Obama and McCain The problem with following trends is that messy events come along to

clutter up the trend lines. A week ago

the US political media were consumed

by discussion of whether McCain had transformed the race by choosing

Sarah Palin as his vice-presidential nominee. A week later, the Republican convention bounce having faded, Sarah Palin no longer looks like a transformative figure in US politics. Most recent polling, in fact, now once again shows a narrow Obama lead – he leads by 3 points in the Gallup daily tracking poll [1], and by two point in

the rival Rasmussen daily [2].

  

It should be emphasized once again that there is no special virtue to these tracking polls except that each provides a time series of results using the same methodology. Although polling is done and results reported daily, the tracking polls are best for assessing trends over a week or more. A couple of weeks ago we predicted in this space that only after the parties' transient convention bounces faded would the polling again give a reliable picture of the underlying race. This prediction seems borne out by the return of the tracking polls to their pre-convention status quo of an effective tie or slender Obama lead.

But in the meanwhile events have intruded on the race, in the form of the last week's financial crisis. The sudden collapse of long-established leading brokerage houses triggered turmoil on the stock market, and has now led to a proposal for a staggering $700 billion bailout.
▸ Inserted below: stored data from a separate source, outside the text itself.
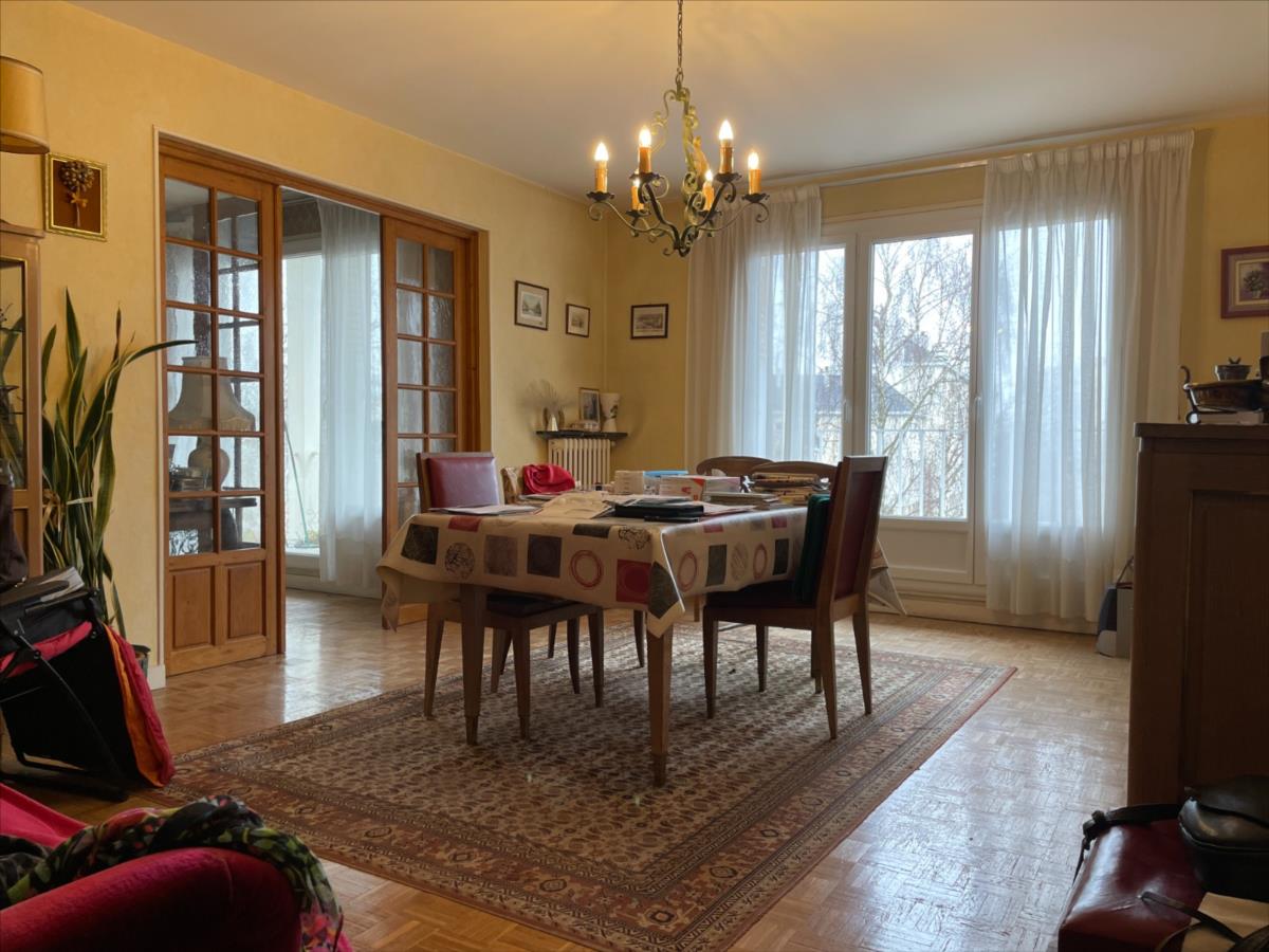 Dans résidence, au 2ème étage sans ascenseur, bel appartement F4 de 84,11 m² comprenant vaste entrée avec placard, séjour parqueté exposé Sud, salon ou chambre avec balcon, deux autres chambres, cuisine aménagée, arrière cuisine, salle de bains.Cave et place de stationnement privativeChauffage collectif
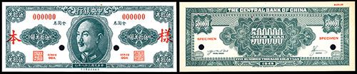 1949. 500,000 Gold Yuan. Series 00A. (PMG designated P-UNL500Kpe) P-Unlisted. Uniface front and back specimen banknotes in green. CKS in center. Red Chinese specimen overprint, “00000” serial numbers and POC with back of each with “Specimen” and control number. Face is PMG graded Gem Uncirculated 66 EPQ (Exceptional Paper Quality) and back is graded Choice Uncirculated 64 EPQ (Exceptional Paper Quality). Horizontal note. The back of the face has a serial number with star. The back of the reverse has “Color O.K. 5-2-(1949), SBNC. Rare high denomination essay banknote. The PMG census lists only three faces and 2 backs graded.
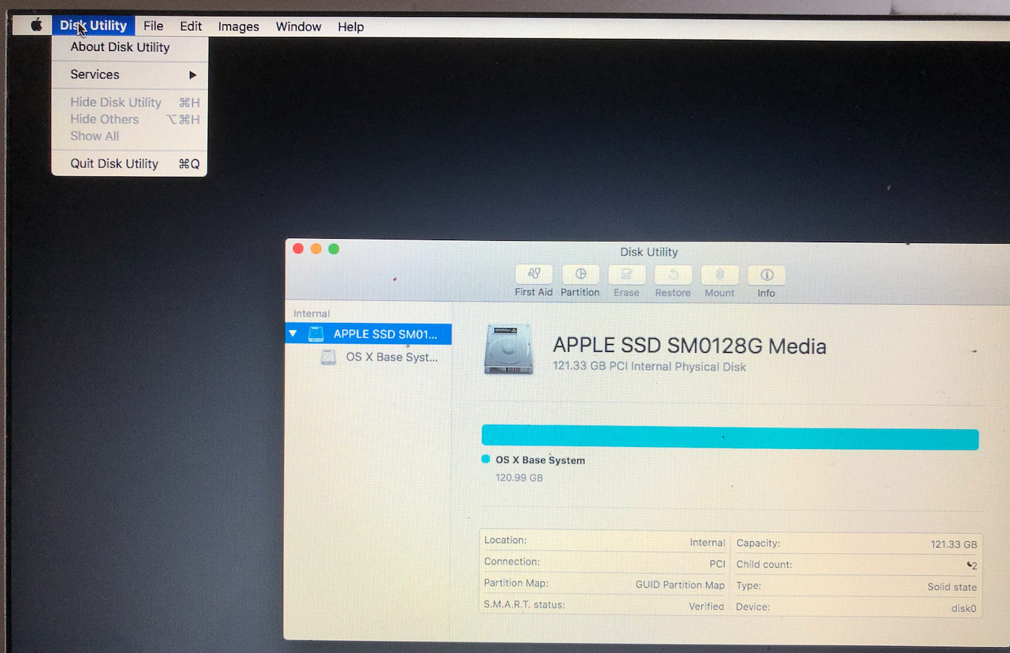 I only see top bar "Disk Utility" "File" "Edit" "Images" "Window" " Help"
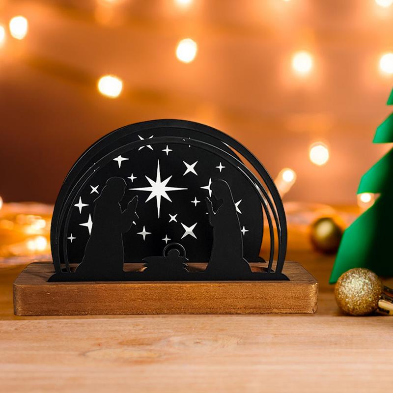 Christmas Candle Holder Metal Nativity Scene Candlesticks Decorative Candle Stand Holiday Candle Holder With Wood Base For

The crisis was a godsend for the Obama campaign, however unseemly it would be for Obama strategists to say so (and of course they did not). Suddenly the news media were no longer talking about the cultural politics embodioed by the Sarah Palin VP nomination. Instead the TV talk is now all about economic worries – just what the Obama camp wants people to hear.

  

A focus on the economy favors Obama for several reasons. One surviving heritage of the Depression and New Deal is that the US public still has more confidence in Democrats during economic hard times, or when hard times might be looming. Republicans carry the more immediate burden of being the incumbent presidential party, whose economic policies have been in force for the past eight years. McCain rarely mentions his party on the campaign trail, and never mentions Bush, but the Obama campaign mentions both regularly. McCain himself, though he has a genuine claim to be a reformer on some issues such as campaign finance, has hewn largely to Republican economic orthodoxy, including support for deregulation of financial markets.

  

Obama himself, following the line laid down in his nomination acceptance speech, is running as a traditional lunch bucket Democrat, using his formidable rhetorical powers not to evoke hope, as he did in the primaries, but to say "enough is enough." Most of the Obama campaign's – uniquely well-funded – effort is going into efforts to drive up Democratic turnout in key swing states. This activity takes place largely below the radar of the national media, and its impact cannot be measured in advance. There has been much speculation among progressive blog habitués about younger voters, many of whom rely entirely on cell phones, being missed by conventional telephone polling. No evidence yet supports this contention, and indeed standard polling shows that younger people tilt strongly toward Obama.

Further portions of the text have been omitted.